グラフの直径(diameter)とは以下で定義される値 $D$ のことです:

D:=\max_{u,v\in V} \mathrm{dist}(u,v)


ここで $\mathrm{dist}(u,v)$ は二頂点 $u,v$ の最短経路長です. 最近の理論計算機科学の論文ではこの値の計算量に関する結果が散見されます. 本記事ではこれらの結果について, 備忘録がてらまとめます. 見逃しやミスがありましたらお知らせいただければ幸いです. 本記事で仮定する計算モデルは $O(\log n)$ bit word RAM モデルです.

まず, アルゴリズムに関しては以下のような結果が知られています.
ここで, $\tilde{O}(\cdot)$は polylog の factor を略しています.

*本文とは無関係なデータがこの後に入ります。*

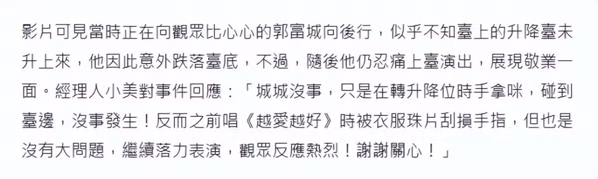 經紀人小美第一時間受訪回應,表示郭富城並無大礙,是在升降機拿麥克風碰到台邊,沒事發生,反而是在唱《越愛越好》時被衣服的珠片刮傷手指,但也沒大問題。
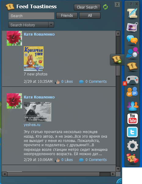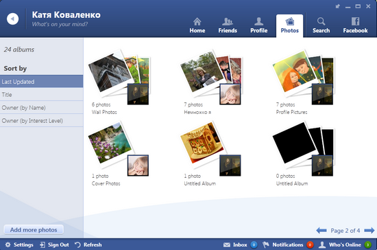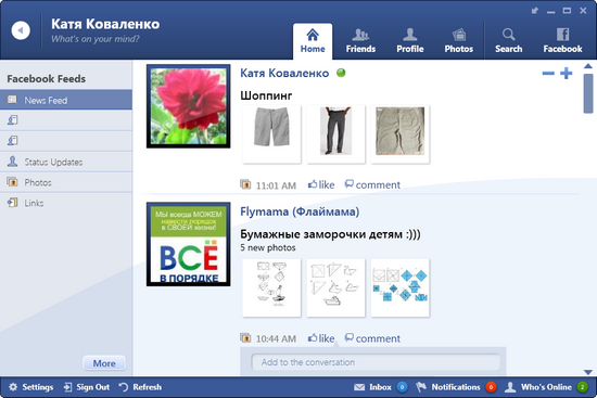 Fishbowl — это клиент для работы с Facebook✴, созданный сотрудниками Microsoft в качестве эксперимента. В настоящее время он уже не поддерживается, но его исходные коды открыты и могут быть использованы другими разработчиками. На первый взгляд, Fishbowl ничем не отличается от Facebook✴ в браузере, кроме немного переработанного интерфейса. В верхней части окна есть вкладки для переключения между основными разделами социальной сети: домашней страницей, профилем, фотографиями, поиском. Слева в окне отображаются доступные действия, которые меняются в зависимости от выбранного раздела. ![]() При помощи Fishbowl удобно просматривать фотографии. В одном окне в виде россыпи изображений представлены и альбомы пользователя, и альбомы друзей. Можно просматривать изображения в полноэкранном режиме, запускать режим слайд-шоу, сохранять картинки на жесткий диск и отправлять их на печать. Кроме этого, в Fishbowl есть простой инструмент для загрузки изображений, позволяющий добавлять фотографии на Facebook✴ простым перетаскиванием файлов в окно Fishbowl. ![]() В нижней части окна клиента можно увидеть количество непрочитанных личных сообщений, число уведомлений и информацию о том, сколько друзей сейчас в онлайне. Уведомления также отображаются прямо на иконке приложения в трее, поэтому, кинув взгляд на нее, можно сразу же узнать, есть ли новые комментарии, записи на стене или личные сообщения. Благодаря интеграции с панелью задач Windows 7 многие действия, например просмотр уведомлений и запуск чата, доступны прямо в списке переходов (Jumplist). Еще одна интересная особенность клиента — мини-режим, в котором Fishbowl представлен в виде небольшого плавающего окошка, где отображается до двухсот последних событий в ленте Facebook✴. Такое представление, с одной стороны, дает возможность держать руку на пульсе событий в социальной сети, а с другой — не мешает основной работе. ![]() В качестве альтернативы Fishbowl можно попробовать еще клиент FlipToast. В отличие от Fishbowl, он не имеет ничего общего с интерфейсом социальной сети. Вместо этого пользователям предлагается небольшая панелька, которая постоянно находится в выбранной части экрана. С ее помощью можно выполнять все основные действия на Facebook✴: обновлять статус, просматривать уведомления, читать ленту новостей и выполнять поиск по сообщениям, общаться с друзьями в чате, публиковать сообщения на стенах друзей, загружать фотографии. Загрузка фотографий выполняется простым перетаскиванием на область Fishbowl. В окне программы можно создавать новые альбомы, но, к сожалению, нельзя устанавливать для них режим видимости. ![]() Общение в чате С тех пор как в пятой версии Skype появилась поддержка Facebook✴, популярный VoIP-клиент стал для большинства пользователей самым простым способом общения с друзьями в соцсети. Чтобы общаться в чате с Facebook-контактами, достаточно перейти на одноименную вкладку в Skype и ввести данные своей учетной записи. После этого Skype подгрузит всех друзей Facebook✴, и можно будет общаться с ними так же, как со Skype-контактами: писать им в текстовом чате, делать обычные и видеозвонки. ![]() Однако, кроме Skype, есть и другие способы «живого» общения с друзьями на Facebook✴. Например, для текстового чата можно использовать очень простую программу fTalk. Как и Skype, она организует список контактов таким образом, что пользователи, находящиеся в онлайне, показываютс

Folklore $\tilde{O}(m+n)$ Exact for trees; 2-approx. for graphs;
Folklore $\tilde{O}(mn^{1-\delta}/\epsilon)$ $(1+\epsilon)$-approx for graphs of $D\geq n^{\delta}$;
1953 Seidel [1] $\tilde{O}(n^{\omega})$ For undirected unweighted graphs; Computes APSP;
1996 Aingworth et al. [2,3] $\tilde{O}(m\sqrt{n}+n^2)$ For unweighted graphs; Approx. of $\lfloor 2/3D\rfloor\leq \mathrm{Algo} \leq D$;
2006 Boitmanis et al. [4] $O(m\sqrt{n})$ For undirected unweighted graphs; Additive $\sqrt{n}$-approx.;
2013 Weimann and Yuster [5,6] $f(\epsilon)\cdot n(\log n)^4$ For undirected planar graphs; $(1+\epsilon)$-approx.;
Roditty and V. Williams[7] $O(m\sqrt{n})$ (expected) Randomized; For unweighted graphs; Approx. of $\lfloor 2/3D\rfloor\leq \mathrm{Algo} \leq D$;
$O(m^{2-\frac{1}{2h+3}})$ For unweighted graphs; Approx. of $\lfloor 2/3D\rfloor\leq \mathrm{Algo} \leq D$, $h:=\lfloor D/3 \rfloor$;
2014 Chechik et al. [8] $\tilde{O}(\min{m^{3/2},mn^{2/3}})$ For weighted graphs; Approx. of $\lfloor 2/3D\rfloor\leq \mathrm{Algo} \leq D$;
2016 Damaschke [9] $O(n+m\log n )$ For graphs of $D\geq \delta n$ with $\delta>0.5$;
2016 Abboud et al. [10] $2^{O(\mathrm{tw}\log \mathrm{tw})}\cdot n^{1+o(1)}$ $\mathrm{tw}=\mathrm{treewidth}$;
Cairo et al. [11] $O(mn^{\frac{1}{k+1}})$ (expected) Randomized; $(2 − 1/2^k)$-approx for every k ≥ 0;
Husfeldt [12] $2^{O(\mathrm{tw}\log D)}\cdot n$
2017 Cabello [13] $\tilde{O}(n^{11/6})$ (expected) Randomized; For planar graphs;
2018 Gawrychowski et al. [14] $\tilde{O}(n^{5/3})$ For planar graphs;
Coudert et al. [15] $O(\mathrm{mw}^3+n+m)$ $\mathrm{mw}=\mathrm{modular width}$.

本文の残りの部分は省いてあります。